6. From a pending fix, use page-level Resolve → confirm the fix is patched to `applied_success` before the resolution note.
7. From a pending fix, use page-level Escalate → confirm the outcome intercept appears before the conclude modal.
After QA passes, commit/push the local review fixes and merge PR #156.
## Just-shipped (2026-04-30)
**PR #155 — Escalation Mode wedge** merged into main as `ac42f97`. The wedge for ResolutionFlow's GTM (first paying-customer push). Senior tech sees structured handoff context in seconds via the magic-moment screen. Plan: [`docs/plans/2026-04-27-escalation-mode-wedge-design.md`](../docs/plans/2026-04-27-escalation-mode-wedge-design.md).
## Two-metric framing (Escalation Mode — read before quoting numbers)
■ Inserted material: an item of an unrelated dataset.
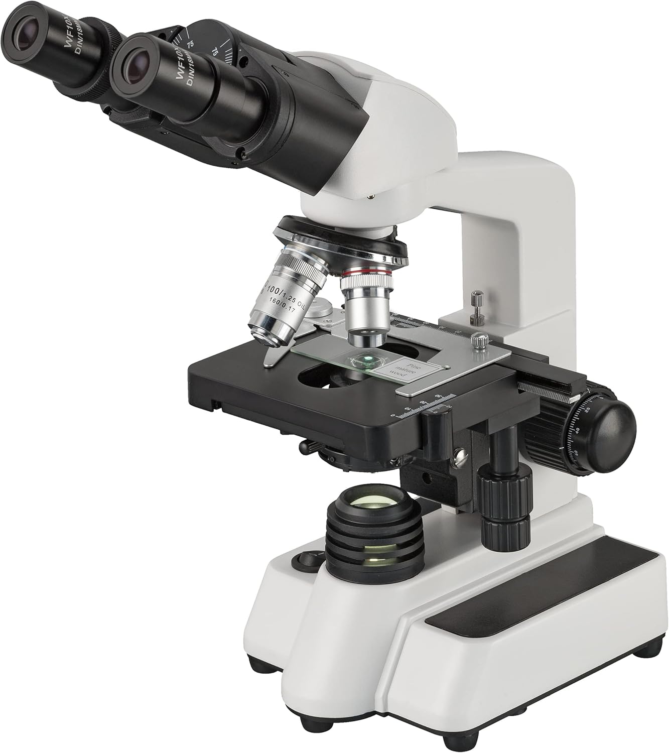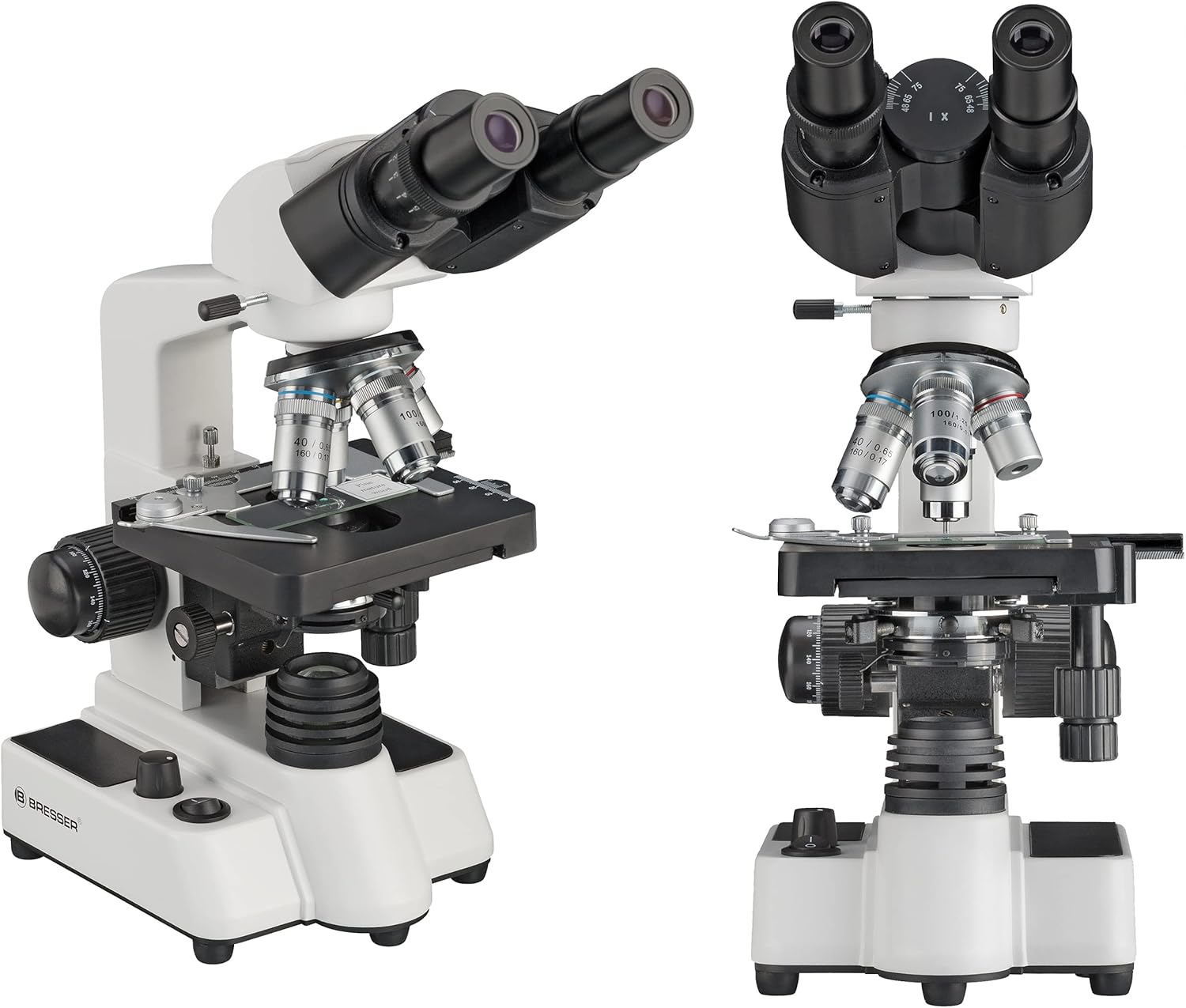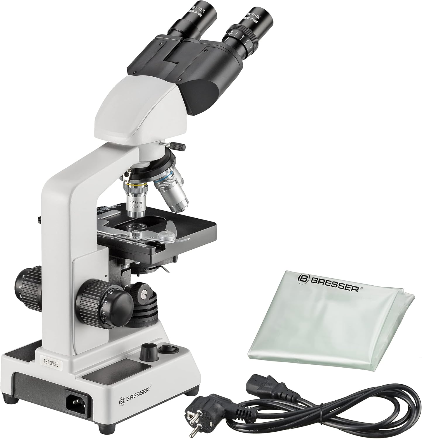 بزرگنمایی Bresser Bino 40x-1000x برای کاربران مشکلپسند، با روشنایی LED، اتصال دوچشمی چرخان، پایه مکانیکی کواکسیال و فوکوس دقیق و ظریف، 5722100 Bino Single
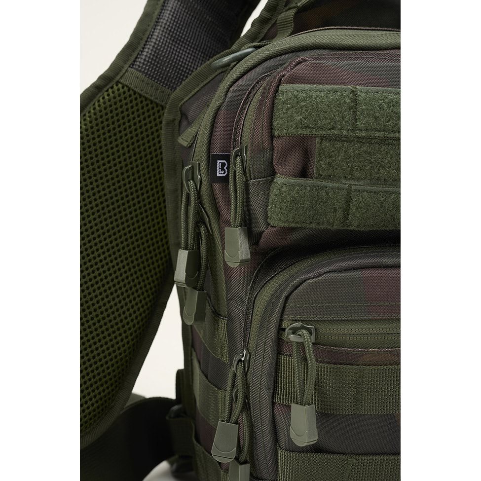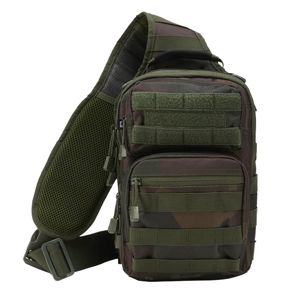 La tracolla regolabile in lunghezza è in gran parte imbottita con rete 3D, dotata di antiscivolo, anelli a D in plastica, elastici e tasca per smartphone di dimensioni massime 8 x 16 cm. La chiusura della tracolla è realizzata con una fibbia in plastica. Anche la cinghia di stabilizzazione laterale è chiusa con una fibbia e può essere rimossa se necessario. Sulla parte anteriore sono presenti due tasche. La tasca superiore è rivestita esternamente con una trama MOLLE/PALS combinata con velcro per posizionare le vostre toppe VELCRO. Si chiude con una cerniera a senso unico e al suo interno sono presenti tre elastici e una tasca piatta per piccoli documenti. Anche la tasca inferiore è rivestita con una trama modulare, dispone di una tasca esterna piatta e di uno spazio interno senza divisori. La tasca principale è accessibile tramite una cerniera a doppio senso e al suo interno è presente uno scomparto elastico con elastico fissato con velcro. Altre due tasche si trovano sulla parte anteriore dello scomparto principale. L'ultimo scomparto si trova sul retro della borsa. È dotato di un rivestimento antiscivolo all'esterno e può contenere un tablet di dimensioni massime 16 x 27 cm.

The in-product `GET /analytics/flowpilot/escalations` endpoint measures *post-claim time-to-first-action*. The "minutes recovered" sales claim is `manual_baseline in_product_metric`. Manual baseline comes from the founder's stopwatch on the next 5 escalations. Don't roll the in-product number alone into "minutes recovered" — that's the apples-to-oranges miscount Codex caught.
## Kill-switch (Escalation Mode)
Week 8: if 0 of 3 pilots produce a verifiable hours-saved-per-week number above 1.0, revisit the wedge.